What you are asked to do
Please output exactly the part of the records below that opens with the line containing "03 dormitórios, sendo" and closes with the line containing "(a) Schematic diagram", both lines included, and nothing else.

Records supplied
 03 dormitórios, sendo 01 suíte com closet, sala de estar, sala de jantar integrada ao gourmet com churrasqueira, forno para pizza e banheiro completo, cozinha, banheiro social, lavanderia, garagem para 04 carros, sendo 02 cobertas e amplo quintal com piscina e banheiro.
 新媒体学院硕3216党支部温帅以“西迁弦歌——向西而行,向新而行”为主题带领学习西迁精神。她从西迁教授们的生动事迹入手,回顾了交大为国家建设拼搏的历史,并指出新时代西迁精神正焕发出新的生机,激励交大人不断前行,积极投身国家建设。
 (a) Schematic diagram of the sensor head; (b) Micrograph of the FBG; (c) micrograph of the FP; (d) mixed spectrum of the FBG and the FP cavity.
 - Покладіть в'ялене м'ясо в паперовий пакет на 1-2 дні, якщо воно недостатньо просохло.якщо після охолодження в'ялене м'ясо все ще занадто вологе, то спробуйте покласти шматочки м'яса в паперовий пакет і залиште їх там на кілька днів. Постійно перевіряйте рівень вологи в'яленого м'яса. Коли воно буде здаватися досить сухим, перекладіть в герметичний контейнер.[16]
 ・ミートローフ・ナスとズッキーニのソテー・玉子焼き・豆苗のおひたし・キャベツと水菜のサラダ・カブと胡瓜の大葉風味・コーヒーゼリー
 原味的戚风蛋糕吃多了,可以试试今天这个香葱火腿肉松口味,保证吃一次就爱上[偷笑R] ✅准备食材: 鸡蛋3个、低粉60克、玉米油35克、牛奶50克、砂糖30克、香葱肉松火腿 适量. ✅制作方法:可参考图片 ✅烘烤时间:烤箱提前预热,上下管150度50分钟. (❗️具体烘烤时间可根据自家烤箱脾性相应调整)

...

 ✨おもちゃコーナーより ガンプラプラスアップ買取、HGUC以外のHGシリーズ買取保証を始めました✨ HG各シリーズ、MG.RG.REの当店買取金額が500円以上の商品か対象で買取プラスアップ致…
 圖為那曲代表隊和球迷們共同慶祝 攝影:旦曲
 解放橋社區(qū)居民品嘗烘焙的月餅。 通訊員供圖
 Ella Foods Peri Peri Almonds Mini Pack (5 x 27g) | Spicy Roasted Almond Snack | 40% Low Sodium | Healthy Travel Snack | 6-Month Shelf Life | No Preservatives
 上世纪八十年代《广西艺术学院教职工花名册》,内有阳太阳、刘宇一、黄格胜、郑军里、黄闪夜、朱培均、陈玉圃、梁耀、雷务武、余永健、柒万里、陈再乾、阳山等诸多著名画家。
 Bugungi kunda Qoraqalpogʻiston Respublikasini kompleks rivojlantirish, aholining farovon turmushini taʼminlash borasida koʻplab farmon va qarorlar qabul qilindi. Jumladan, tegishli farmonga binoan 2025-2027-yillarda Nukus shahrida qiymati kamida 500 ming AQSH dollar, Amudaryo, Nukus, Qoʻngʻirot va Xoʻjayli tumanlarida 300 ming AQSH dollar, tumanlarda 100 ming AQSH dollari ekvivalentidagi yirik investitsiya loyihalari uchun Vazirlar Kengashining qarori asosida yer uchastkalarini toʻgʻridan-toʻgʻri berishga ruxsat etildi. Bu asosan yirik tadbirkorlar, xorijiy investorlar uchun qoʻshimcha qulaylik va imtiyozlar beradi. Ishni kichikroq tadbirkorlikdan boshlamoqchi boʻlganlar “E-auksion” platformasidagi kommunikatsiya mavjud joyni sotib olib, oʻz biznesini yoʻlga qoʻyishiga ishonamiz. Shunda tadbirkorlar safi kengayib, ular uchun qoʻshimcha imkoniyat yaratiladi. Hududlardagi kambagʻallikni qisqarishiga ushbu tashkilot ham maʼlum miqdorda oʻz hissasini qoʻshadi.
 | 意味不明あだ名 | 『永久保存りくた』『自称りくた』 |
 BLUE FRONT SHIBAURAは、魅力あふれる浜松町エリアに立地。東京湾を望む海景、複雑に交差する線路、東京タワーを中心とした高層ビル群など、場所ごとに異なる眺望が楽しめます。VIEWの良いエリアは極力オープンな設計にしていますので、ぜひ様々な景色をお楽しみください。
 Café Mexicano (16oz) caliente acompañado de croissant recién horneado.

---

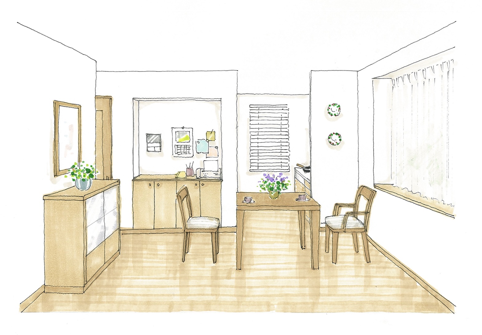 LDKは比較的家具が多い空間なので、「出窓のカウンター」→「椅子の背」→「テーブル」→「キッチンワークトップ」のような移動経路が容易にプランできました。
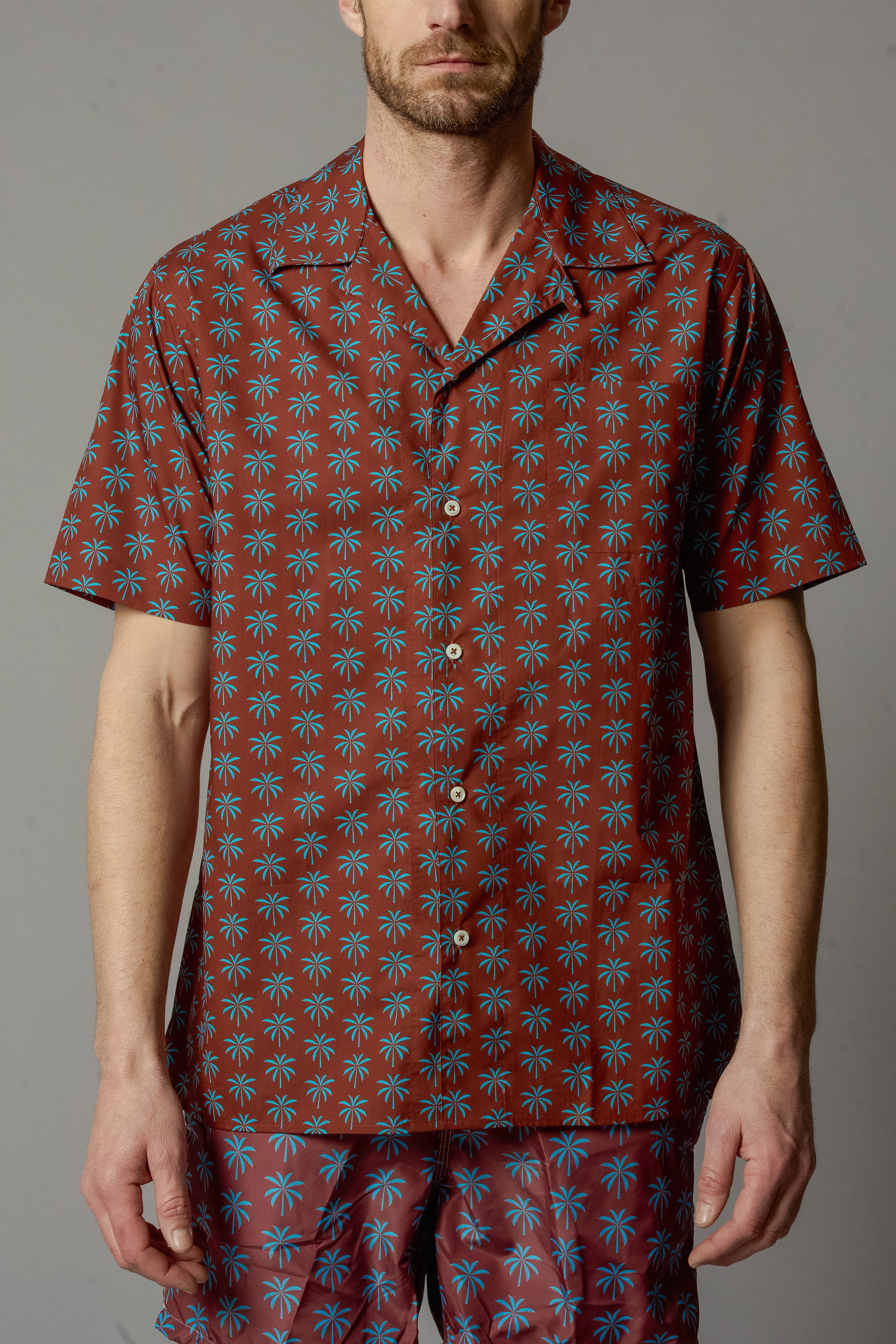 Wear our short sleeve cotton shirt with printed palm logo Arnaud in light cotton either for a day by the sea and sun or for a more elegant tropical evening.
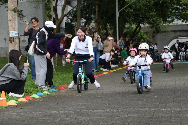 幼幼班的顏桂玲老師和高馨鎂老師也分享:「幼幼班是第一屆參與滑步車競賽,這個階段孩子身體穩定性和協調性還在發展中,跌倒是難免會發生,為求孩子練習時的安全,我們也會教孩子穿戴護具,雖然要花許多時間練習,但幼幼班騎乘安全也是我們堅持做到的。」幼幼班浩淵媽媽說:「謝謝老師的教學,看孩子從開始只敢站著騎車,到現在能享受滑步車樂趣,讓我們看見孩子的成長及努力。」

Answer to this problem
 03 dormitórios, sendo 01 suíte com closet, sala de estar, sala de jantar integrada ao gourmet com churrasqueira, forno para pizza e banheiro completo, cozinha, banheiro social, lavanderia, garagem para 04 carros, sendo 02 cobertas e amplo quintal com piscina e banheiro.
 新媒体学院硕3216党支部温帅以“西迁弦歌——向西而行,向新而行”为主题带领学习西迁精神。她从西迁教授们的生动事迹入手,回顾了交大为国家建设拼搏的历史,并指出新时代西迁精神正焕发出新的生机,激励交大人不断前行,积极投身国家建设。
 (a) Schematic diagram of the sensor head; (b) Micrograph of the FBG; (c) micrograph of the FP; (d) mixed spectrum of the FBG and the FP cavity.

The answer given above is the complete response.